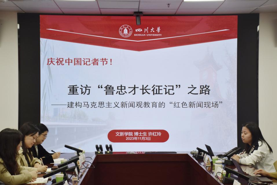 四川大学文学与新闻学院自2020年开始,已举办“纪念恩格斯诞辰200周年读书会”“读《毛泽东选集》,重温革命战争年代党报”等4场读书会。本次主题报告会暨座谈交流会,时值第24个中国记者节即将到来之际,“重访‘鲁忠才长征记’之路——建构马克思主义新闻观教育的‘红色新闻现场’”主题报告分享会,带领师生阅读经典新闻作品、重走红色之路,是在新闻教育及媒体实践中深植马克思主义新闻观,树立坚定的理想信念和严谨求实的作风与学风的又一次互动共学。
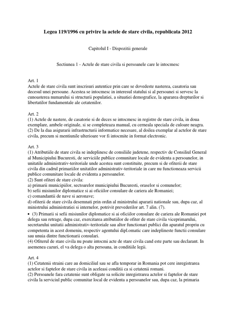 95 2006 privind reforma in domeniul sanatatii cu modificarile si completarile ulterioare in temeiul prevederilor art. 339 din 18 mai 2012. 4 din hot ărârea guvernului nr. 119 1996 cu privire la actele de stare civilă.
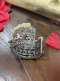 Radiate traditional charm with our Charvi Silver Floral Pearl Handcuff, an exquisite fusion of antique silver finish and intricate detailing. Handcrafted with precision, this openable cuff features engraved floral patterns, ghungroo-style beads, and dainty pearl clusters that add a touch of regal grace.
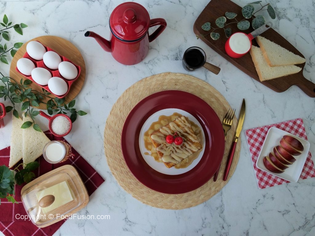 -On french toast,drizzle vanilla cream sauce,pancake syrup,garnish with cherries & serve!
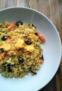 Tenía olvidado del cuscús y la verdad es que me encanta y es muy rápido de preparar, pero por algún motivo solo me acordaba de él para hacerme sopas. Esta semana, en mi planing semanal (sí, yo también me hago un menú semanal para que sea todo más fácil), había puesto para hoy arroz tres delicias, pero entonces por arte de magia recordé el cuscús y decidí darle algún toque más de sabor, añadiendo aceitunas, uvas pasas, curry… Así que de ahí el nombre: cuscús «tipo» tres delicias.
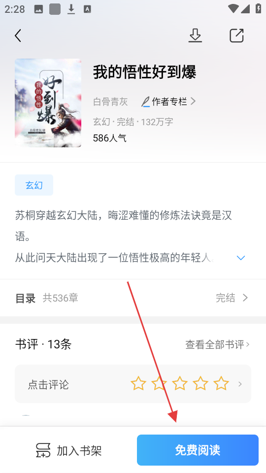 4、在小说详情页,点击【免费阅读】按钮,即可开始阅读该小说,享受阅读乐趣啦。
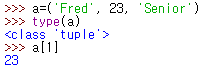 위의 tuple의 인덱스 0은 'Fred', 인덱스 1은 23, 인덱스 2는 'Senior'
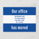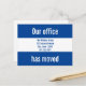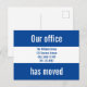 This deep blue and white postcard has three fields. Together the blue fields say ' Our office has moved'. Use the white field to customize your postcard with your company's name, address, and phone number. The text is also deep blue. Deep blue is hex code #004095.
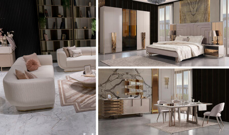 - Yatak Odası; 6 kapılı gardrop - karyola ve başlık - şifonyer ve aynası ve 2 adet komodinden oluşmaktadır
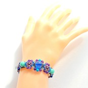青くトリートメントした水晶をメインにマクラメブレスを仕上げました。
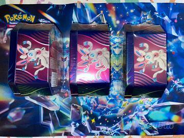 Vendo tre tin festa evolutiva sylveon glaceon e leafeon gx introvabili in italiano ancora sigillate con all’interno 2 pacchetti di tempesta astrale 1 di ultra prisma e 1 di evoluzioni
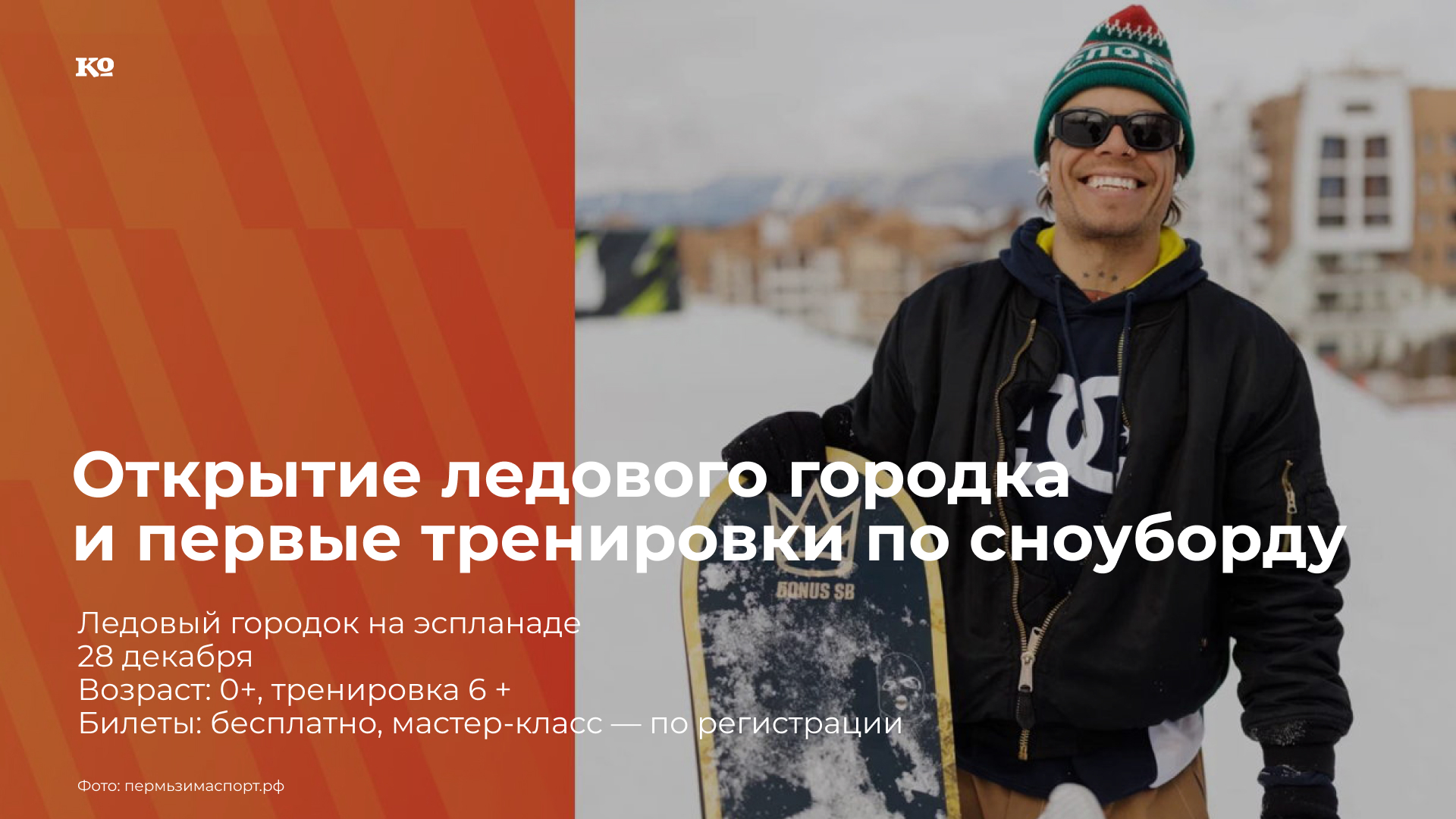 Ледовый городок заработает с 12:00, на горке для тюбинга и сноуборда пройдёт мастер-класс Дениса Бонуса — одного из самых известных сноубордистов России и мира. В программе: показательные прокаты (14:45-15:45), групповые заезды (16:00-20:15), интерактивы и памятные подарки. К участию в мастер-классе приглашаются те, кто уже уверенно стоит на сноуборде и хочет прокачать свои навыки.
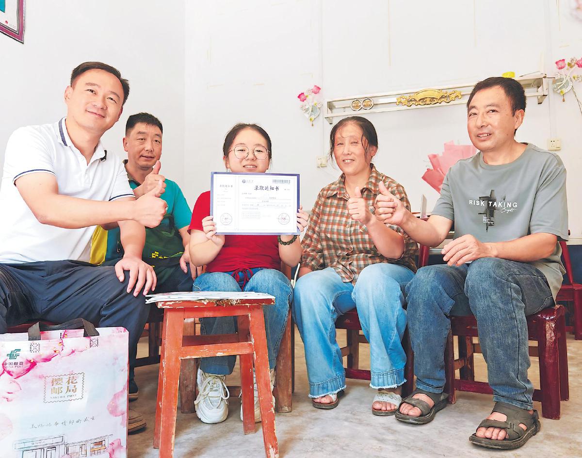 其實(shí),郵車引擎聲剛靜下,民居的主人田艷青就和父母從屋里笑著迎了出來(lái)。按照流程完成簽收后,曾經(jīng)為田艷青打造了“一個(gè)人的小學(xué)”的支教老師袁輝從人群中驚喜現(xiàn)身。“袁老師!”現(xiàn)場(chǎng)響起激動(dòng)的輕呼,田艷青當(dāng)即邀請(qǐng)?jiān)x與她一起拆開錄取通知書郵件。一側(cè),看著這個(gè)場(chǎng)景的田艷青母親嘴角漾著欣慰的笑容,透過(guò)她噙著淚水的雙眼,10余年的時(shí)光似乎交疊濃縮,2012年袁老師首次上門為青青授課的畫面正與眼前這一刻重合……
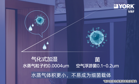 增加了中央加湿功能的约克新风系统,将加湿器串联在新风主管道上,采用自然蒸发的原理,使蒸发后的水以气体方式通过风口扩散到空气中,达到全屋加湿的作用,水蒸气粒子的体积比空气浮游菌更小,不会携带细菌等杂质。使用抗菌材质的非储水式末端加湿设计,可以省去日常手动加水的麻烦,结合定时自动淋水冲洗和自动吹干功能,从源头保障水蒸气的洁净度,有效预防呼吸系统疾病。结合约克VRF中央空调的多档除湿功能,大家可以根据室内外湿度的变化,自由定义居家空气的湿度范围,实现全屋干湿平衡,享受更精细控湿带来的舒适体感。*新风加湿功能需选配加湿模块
§
### AIM OF THE EXERCISE
What you return must match the lines from the top of the data through the line with "95 2006 privind" exactly, with the pictures removed.

### EXERCISE RESULT
 四川大学文学与新闻学院自2020年开始,已举办“纪念恩格斯诞辰200周年读书会”“读《毛泽东选集》,重温革命战争年代党报”等4场读书会。本次主题报告会暨座谈交流会,时值第24个中国记者节即将到来之际,“重访‘鲁忠才长征记’之路——建构马克思主义新闻观教育的‘红色新闻现场’”主题报告分享会,带领师生阅读经典新闻作品、重走红色之路,是在新闻教育及媒体实践中深植马克思主义新闻观,树立坚定的理想信念和严谨求实的作风与学风的又一次互动共学。
 95 2006 privind reforma in domeniul sanatatii cu modificarile si completarile ulterioare in temeiul prevederilor art. 339 din 18 mai 2012. 4 din hot ărârea guvernului nr. 119 1996 cu privire la actele de stare civilă.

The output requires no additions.